Si hubiera recibido tu carta, que descansa ahora junto a una pequeña lámpara verde (como tus ojos, como nuestras botellas de whiskey), hace diez años, la vuelta de correo que llegaría al buzón de tu casa sería completamente distinta a la que vas a sostener pronto entre tus manos.

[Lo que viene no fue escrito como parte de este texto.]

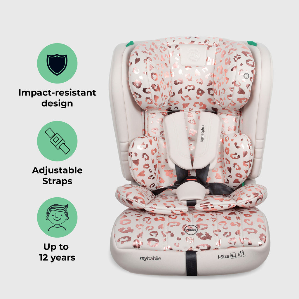 One Seat. Years of Adventures. With stylish blush leopard fabrics and a thoughtfully engineered design, the My Babiie i-Size 76–150cm Car Seat is built to adapt as your child grows from toddler to tween. Combining style with substance, this forward-facing toddler seat transitions from a secure harnessed mode for little ones to a high-back booster for bigger kids, offering extended use without sacrificing safety or comfort. Tested to the latest R129 i-Size standards and packed with parent-friendly features like a no-rethread harness, breathable padding, and simple seatbelt installation, it’s the perfect travel companion for every stage of childhood.
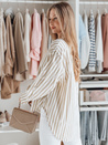 Koszula damska oversize z dłuższym tyłem SAMONE w beżowo-białe paski Dstreet DY0463
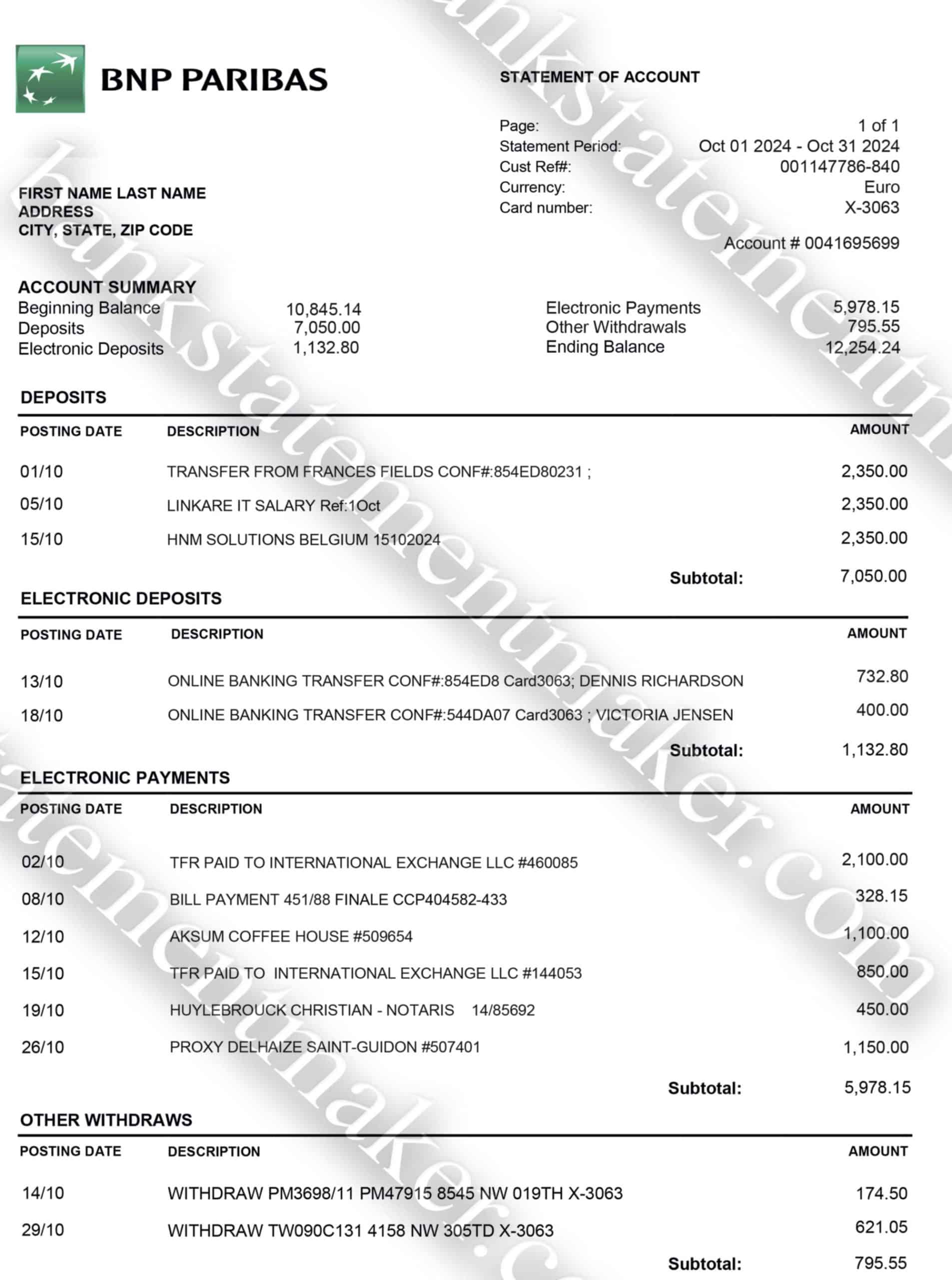 Need a lifelike and editable BNP Paribas Belgium bank statement template? Whether you’re working on a personal finance project, creating a UX prototype, or assembling visual assets for creative work — this custom PDF bank statement template is designed to simulate a real BNP Paribas Belgium document with precision and flexibility.
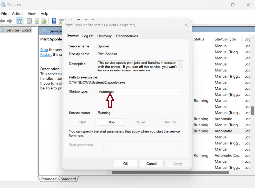 2。印刷スプーラーを右クリックして、[プロパティ]を選択します。
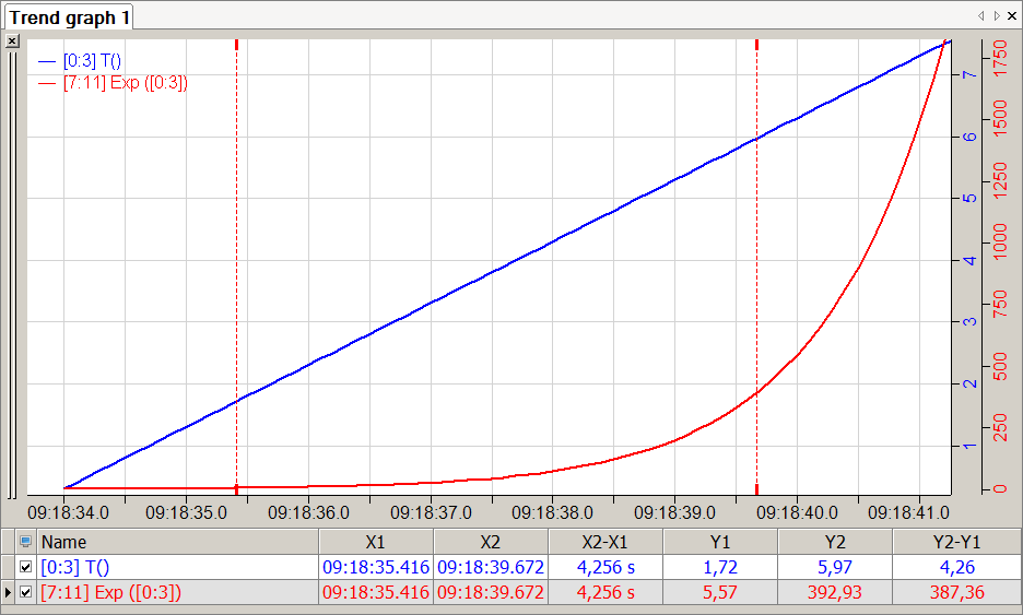 In the figure below the blue curve shows the time function and the red curve shows the exponential function of time.
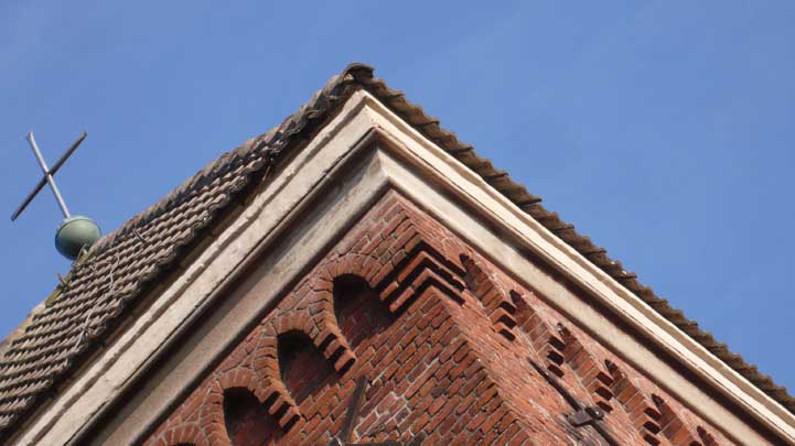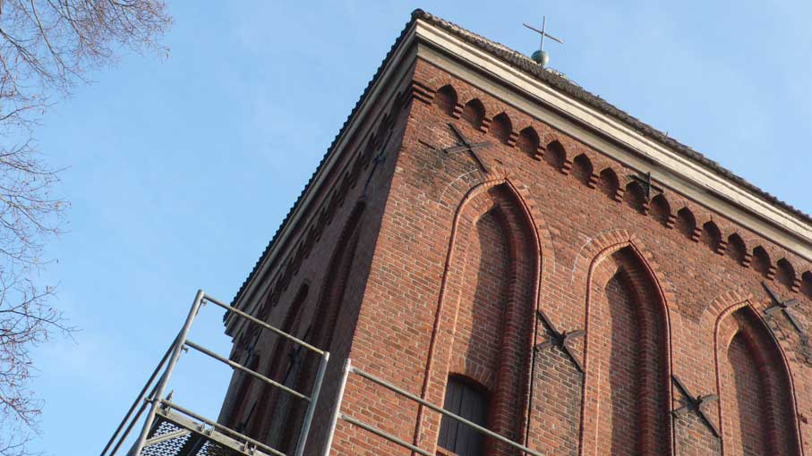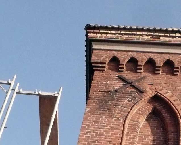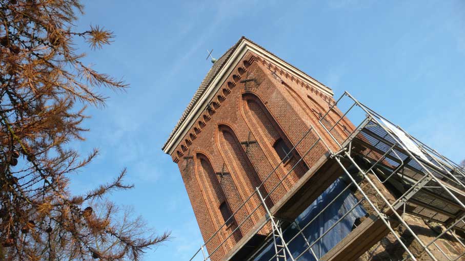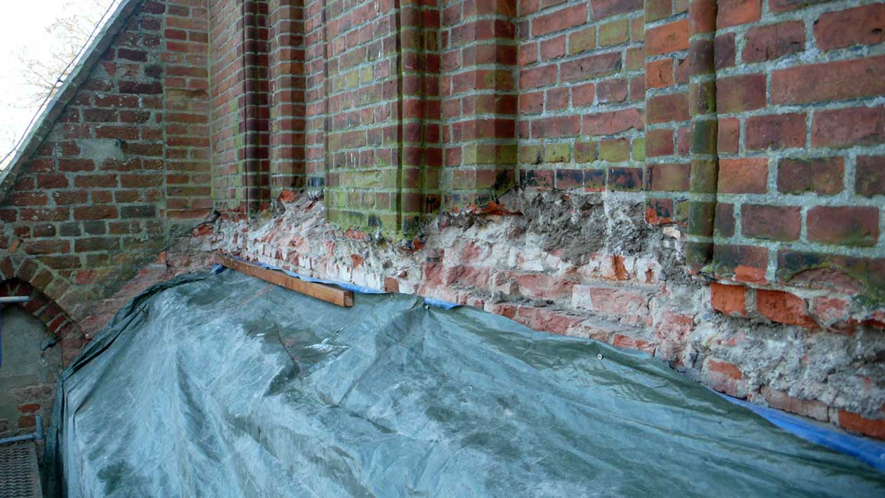 Die wunden Stellen ausschaben, ergänzen und abdecken mit Kupfer als nächster Schritt. Die Basis selbst in Ordnung bringen. Nach alter Art. Bevor wir die Spitze weithin sichtbar und sehend am kleinen Ort besorgen.

No te voy a mentir, cuando terminé de leer tus letras azules y perfectas, apagué el cigarro de un manotazo y doblé el papel entre mis manos como tratando de exprimirle las últimas gotas de veneno que habías dejado caer en los puntos suspensivos. Hace un rato la saqué del bote de basura, la releí, la puse junto a la lámpara, prendí otro cigarro y no pude evitar que se me escapara una sonrisa (de esas que tú siempre consideraste burlonas y que, a estas alturas, no pienso detenerme a tratar de convencerte de lo contrario). Emilia uróboro está enojada…

No es que me sorprenda demasiado. Después de todo, mi capacidad para sacarte de quicio es una constante que ha sobrevivido a nuestra historia (tu carta lo confirma), pero me gusta saber que todavía despierto en ti esos arranques de furia, escrita o a mano limpia. Me gusta darme cuenta que, de tan insufrible, no puedo, ni podré, serte indiferente…

Nos podríamos subir una vez más al ring, aunque sé, por duras experiencias, que tienes un revés de piedra que hubiera hecho desmoronarse a Muhammad Ali en el primer asalto, pero tienes que admitir que también me conozco algunos trucos, que  puedo dejar que me golpees durante toda la pelea y lanzarme como toro en los últimos treinta segundos. Sabes que si no me noqueas pronto, puedo ir a buscarte las cosquillas pero con un gancho al hígado, ese que sufre tanto con mi “exasperante retórica”.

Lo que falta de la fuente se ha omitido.